**ABOUT THIS EXERCISE:**
Beginning with the line below that contains "闭幕式上,主持人四川外国语大" and ending with the line that contains "Il est proposé", retype every line exactly. Pictures are not copied.

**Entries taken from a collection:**

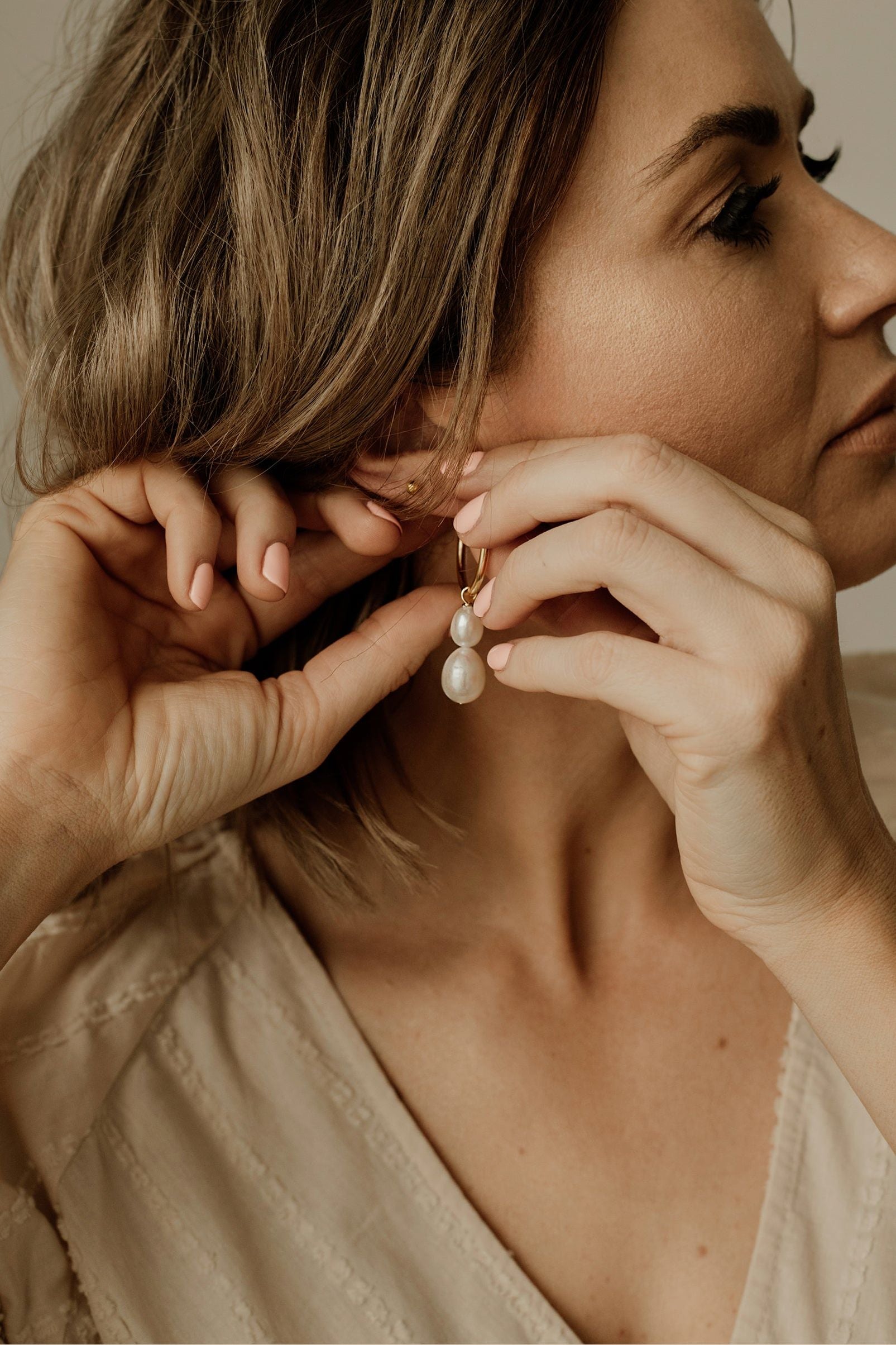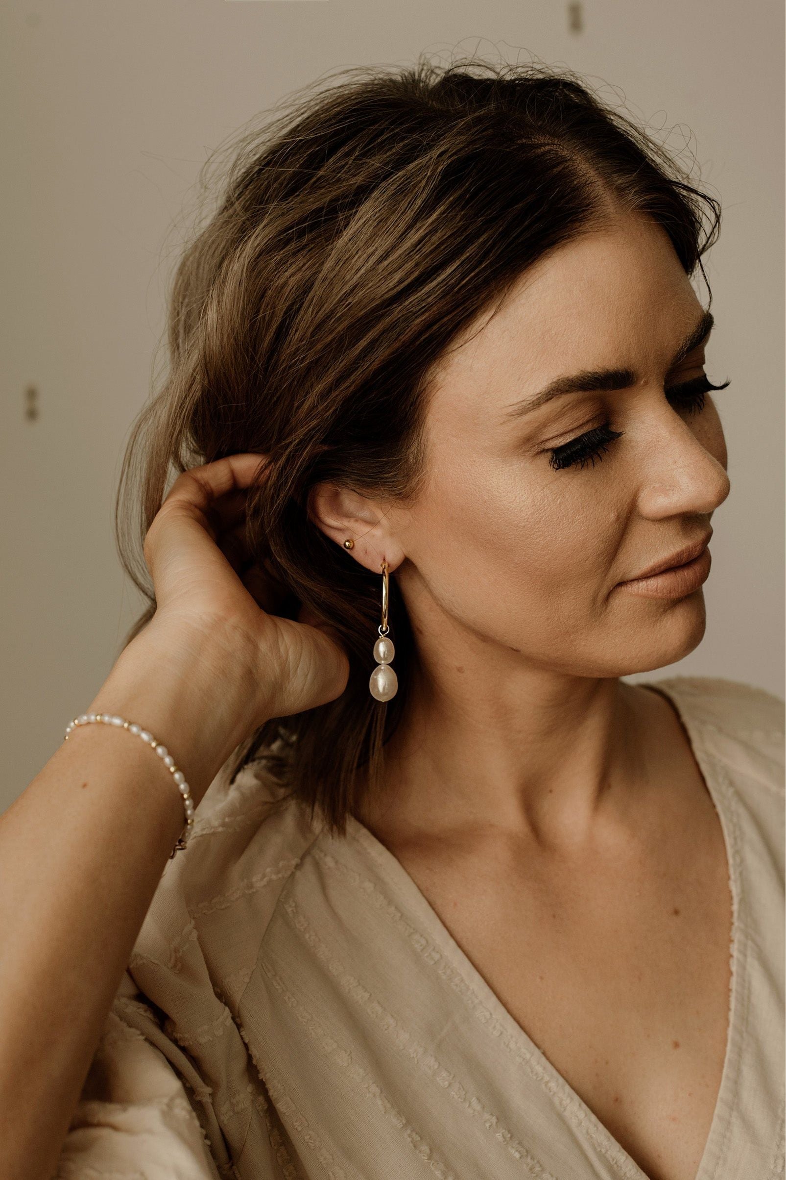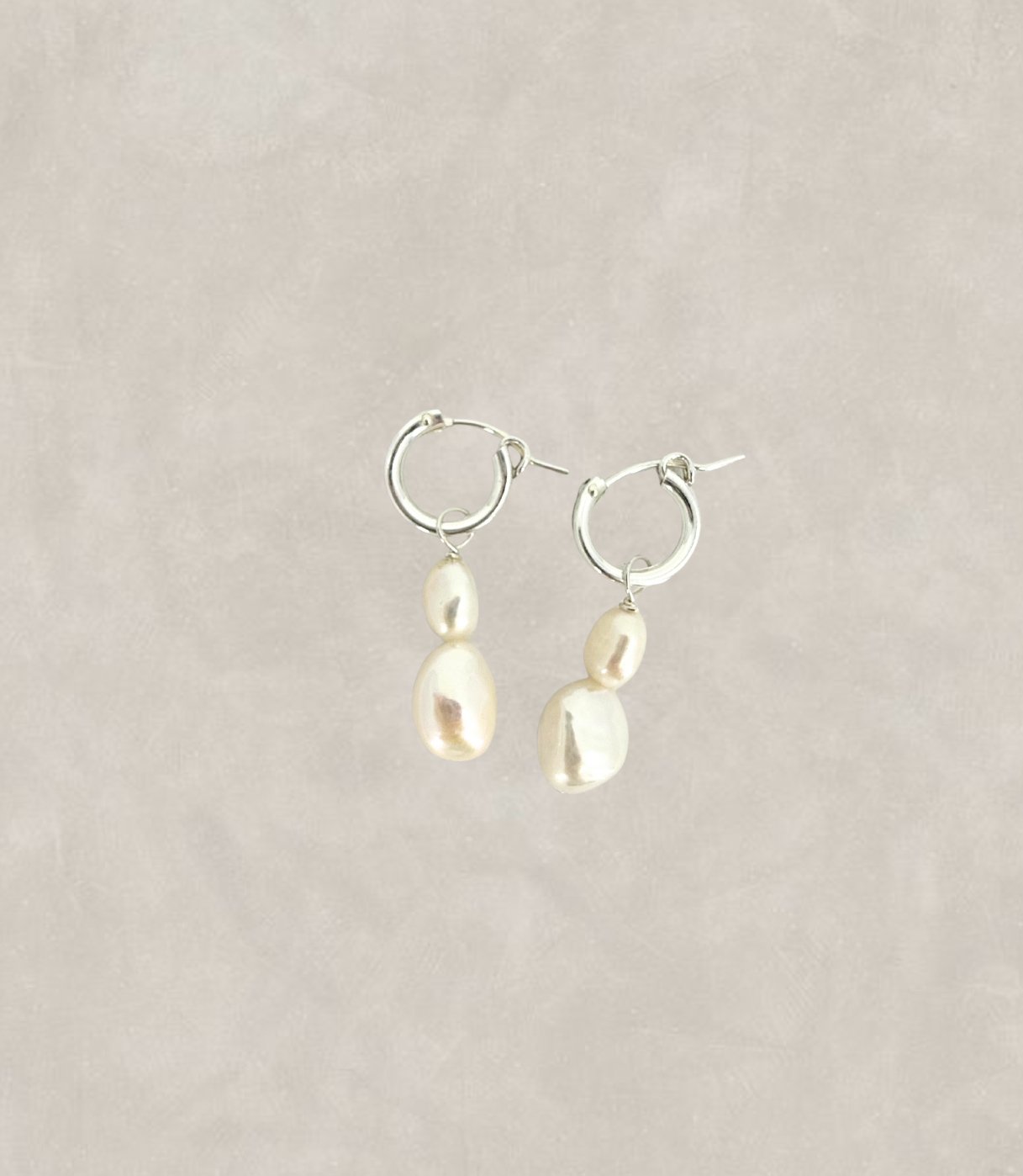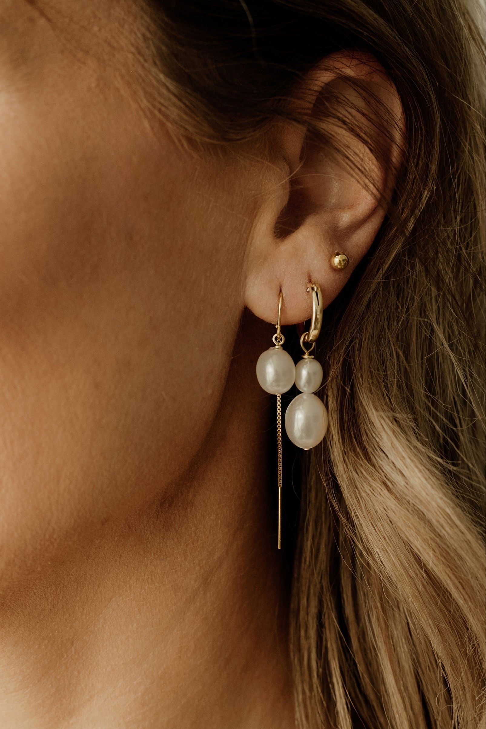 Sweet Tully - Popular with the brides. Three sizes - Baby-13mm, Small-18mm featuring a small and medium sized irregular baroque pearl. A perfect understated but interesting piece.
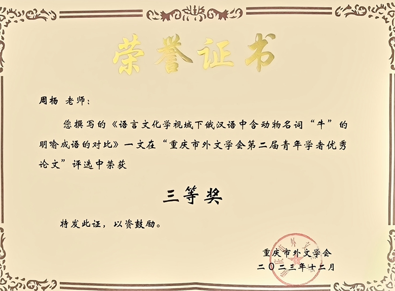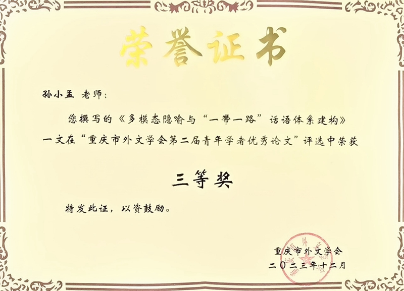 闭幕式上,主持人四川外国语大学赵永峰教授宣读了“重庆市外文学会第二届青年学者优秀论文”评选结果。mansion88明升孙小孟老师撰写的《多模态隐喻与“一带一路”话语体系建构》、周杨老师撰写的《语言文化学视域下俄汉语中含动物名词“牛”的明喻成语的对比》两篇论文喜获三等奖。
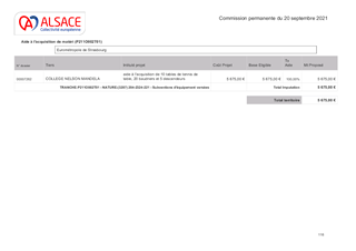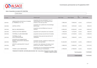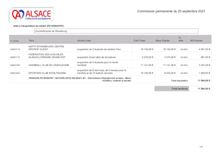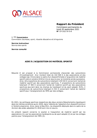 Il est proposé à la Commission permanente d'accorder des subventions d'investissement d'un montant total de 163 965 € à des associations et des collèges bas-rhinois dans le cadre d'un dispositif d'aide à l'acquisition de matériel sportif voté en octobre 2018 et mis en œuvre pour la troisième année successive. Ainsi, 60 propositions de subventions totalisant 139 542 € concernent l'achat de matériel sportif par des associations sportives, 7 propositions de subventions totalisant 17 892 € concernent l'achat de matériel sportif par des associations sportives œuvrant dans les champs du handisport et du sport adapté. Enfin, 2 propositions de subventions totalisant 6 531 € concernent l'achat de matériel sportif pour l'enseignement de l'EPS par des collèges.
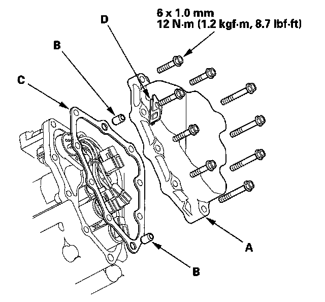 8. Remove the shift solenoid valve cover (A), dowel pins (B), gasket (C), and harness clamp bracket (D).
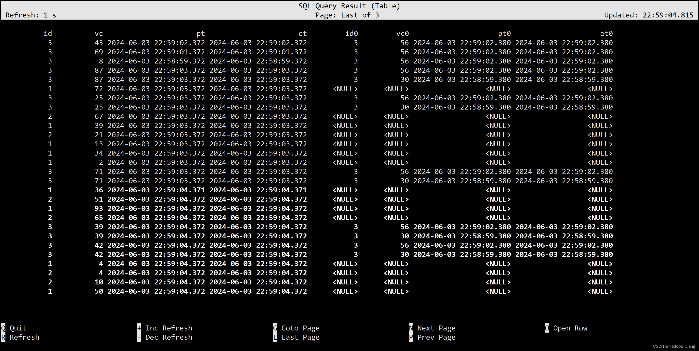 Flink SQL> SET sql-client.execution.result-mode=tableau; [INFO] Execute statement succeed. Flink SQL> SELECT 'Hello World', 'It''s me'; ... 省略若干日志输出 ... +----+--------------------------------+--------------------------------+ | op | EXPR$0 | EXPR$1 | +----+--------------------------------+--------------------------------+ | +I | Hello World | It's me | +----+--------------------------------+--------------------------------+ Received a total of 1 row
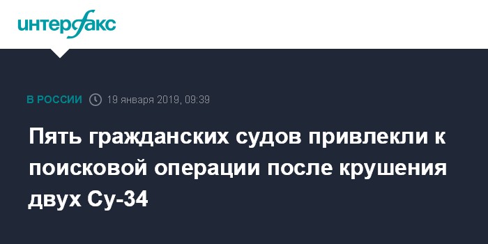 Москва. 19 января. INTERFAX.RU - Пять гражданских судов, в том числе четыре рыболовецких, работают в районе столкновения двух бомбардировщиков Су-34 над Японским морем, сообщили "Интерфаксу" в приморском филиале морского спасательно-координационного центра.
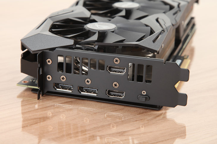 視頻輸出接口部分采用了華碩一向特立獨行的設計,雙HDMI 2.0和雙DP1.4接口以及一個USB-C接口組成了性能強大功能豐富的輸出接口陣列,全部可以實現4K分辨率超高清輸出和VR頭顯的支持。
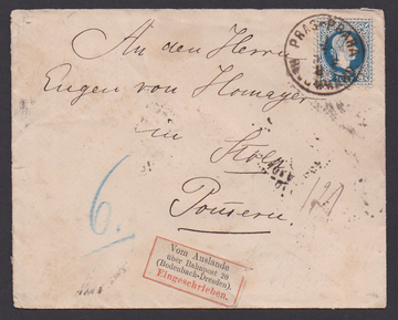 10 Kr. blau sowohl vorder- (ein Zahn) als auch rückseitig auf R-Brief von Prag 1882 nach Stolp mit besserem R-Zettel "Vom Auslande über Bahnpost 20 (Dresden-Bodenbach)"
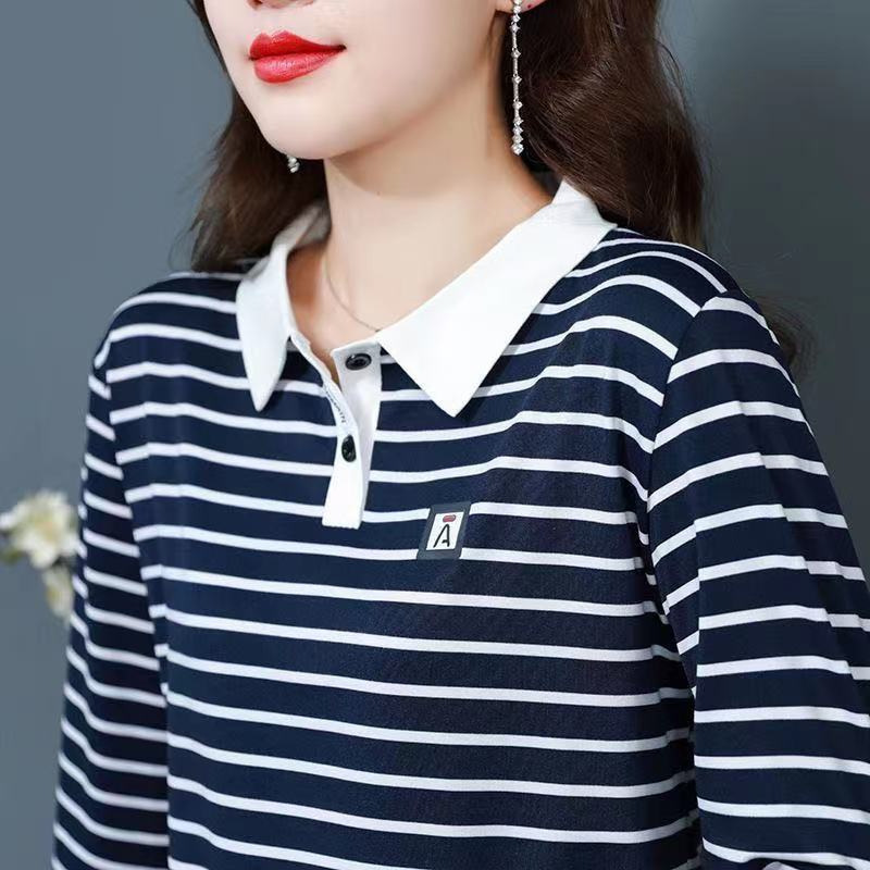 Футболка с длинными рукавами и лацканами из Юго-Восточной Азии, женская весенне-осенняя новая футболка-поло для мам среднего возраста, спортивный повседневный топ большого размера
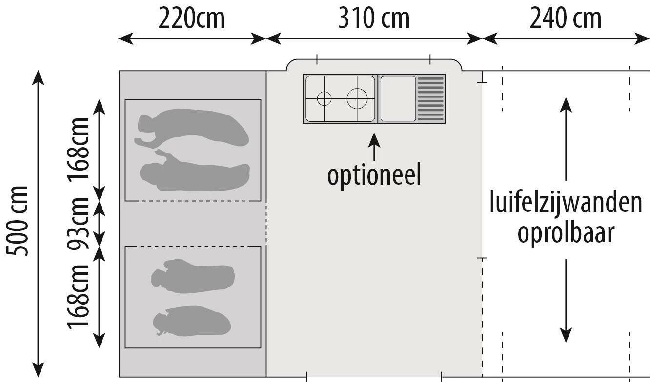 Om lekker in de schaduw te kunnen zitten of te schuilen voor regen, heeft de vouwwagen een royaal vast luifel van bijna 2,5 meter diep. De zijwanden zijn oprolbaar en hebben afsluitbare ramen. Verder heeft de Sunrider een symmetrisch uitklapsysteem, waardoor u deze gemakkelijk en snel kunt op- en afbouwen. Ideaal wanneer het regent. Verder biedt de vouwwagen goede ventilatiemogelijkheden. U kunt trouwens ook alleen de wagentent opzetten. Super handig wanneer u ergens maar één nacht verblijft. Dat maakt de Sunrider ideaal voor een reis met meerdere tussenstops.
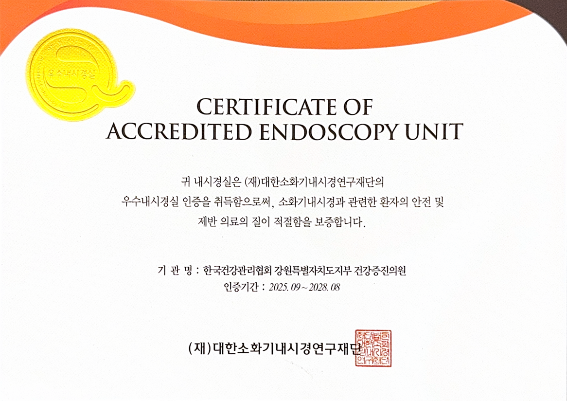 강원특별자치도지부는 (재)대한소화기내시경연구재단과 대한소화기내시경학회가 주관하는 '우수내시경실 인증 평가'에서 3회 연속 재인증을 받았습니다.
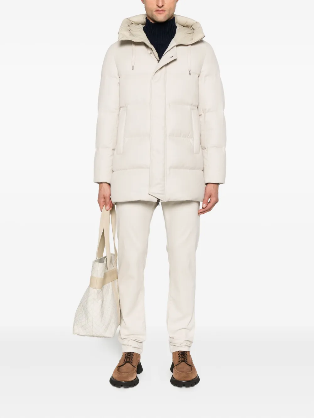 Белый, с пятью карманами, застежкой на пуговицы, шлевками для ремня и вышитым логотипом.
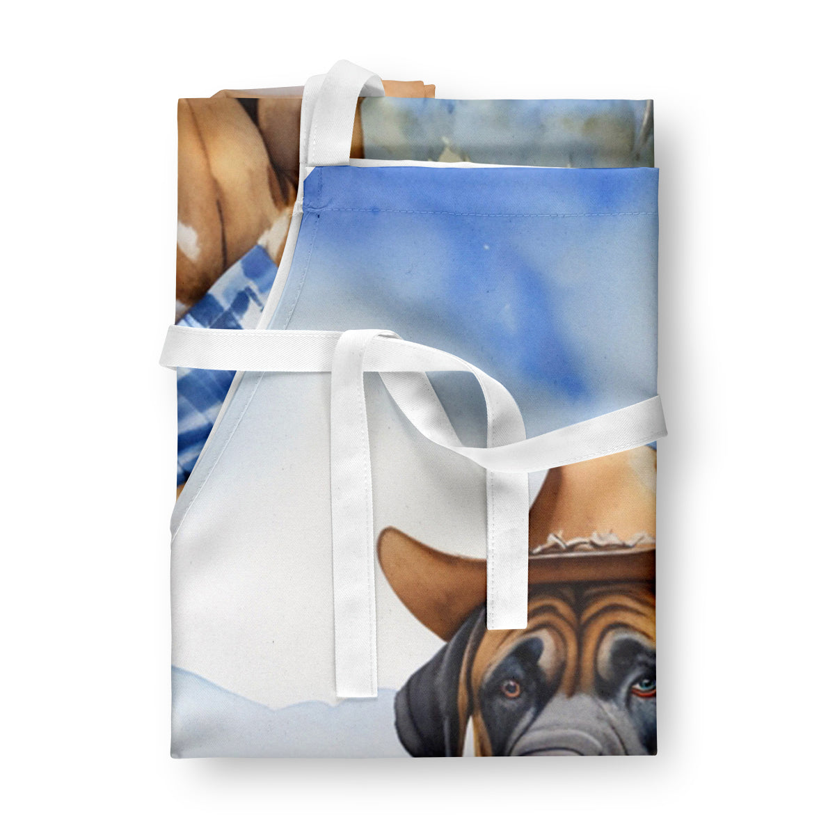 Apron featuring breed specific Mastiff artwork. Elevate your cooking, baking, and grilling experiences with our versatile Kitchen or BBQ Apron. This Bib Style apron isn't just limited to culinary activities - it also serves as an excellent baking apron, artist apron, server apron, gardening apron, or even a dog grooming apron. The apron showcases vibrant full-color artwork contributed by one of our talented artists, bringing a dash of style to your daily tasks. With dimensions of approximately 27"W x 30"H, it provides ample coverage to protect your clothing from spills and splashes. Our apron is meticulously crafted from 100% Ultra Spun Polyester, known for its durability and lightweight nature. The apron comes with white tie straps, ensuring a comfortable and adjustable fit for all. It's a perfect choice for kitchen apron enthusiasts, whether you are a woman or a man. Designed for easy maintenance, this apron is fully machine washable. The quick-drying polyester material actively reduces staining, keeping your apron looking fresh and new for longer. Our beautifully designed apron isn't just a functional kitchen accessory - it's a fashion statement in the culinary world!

**TASK RESULT:**
 闭幕式上,主持人四川外国语大学赵永峰教授宣读了“重庆市外文学会第二届青年学者优秀论文”评选结果。mansion88明升孙小孟老师撰写的《多模态隐喻与“一带一路”话语体系建构》、周杨老师撰写的《语言文化学视域下俄汉语中含动物名词“牛”的明喻成语的对比》两篇论文喜获三等奖。
 Il est proposé à la Commission permanente d'accorder des subventions d'investissement d'un montant total de 163 965 € à des associations et des collèges bas-rhinois dans le cadre d'un dispositif d'aide à l'acquisition de matériel sportif voté en octobre 2018 et mis en œuvre pour la troisième année successive. Ainsi, 60 propositions de subventions totalisant 139 542 € concernent l'achat de matériel sportif par des associations sportives, 7 propositions de subventions totalisant 17 892 € concernent l'achat de matériel sportif par des associations sportives œuvrant dans les champs du handisport et du sport adapté. Enfin, 2 propositions de subventions totalisant 6 531 € concernent l'achat de matériel sportif pour l'enseignement de l'EPS par des collèges.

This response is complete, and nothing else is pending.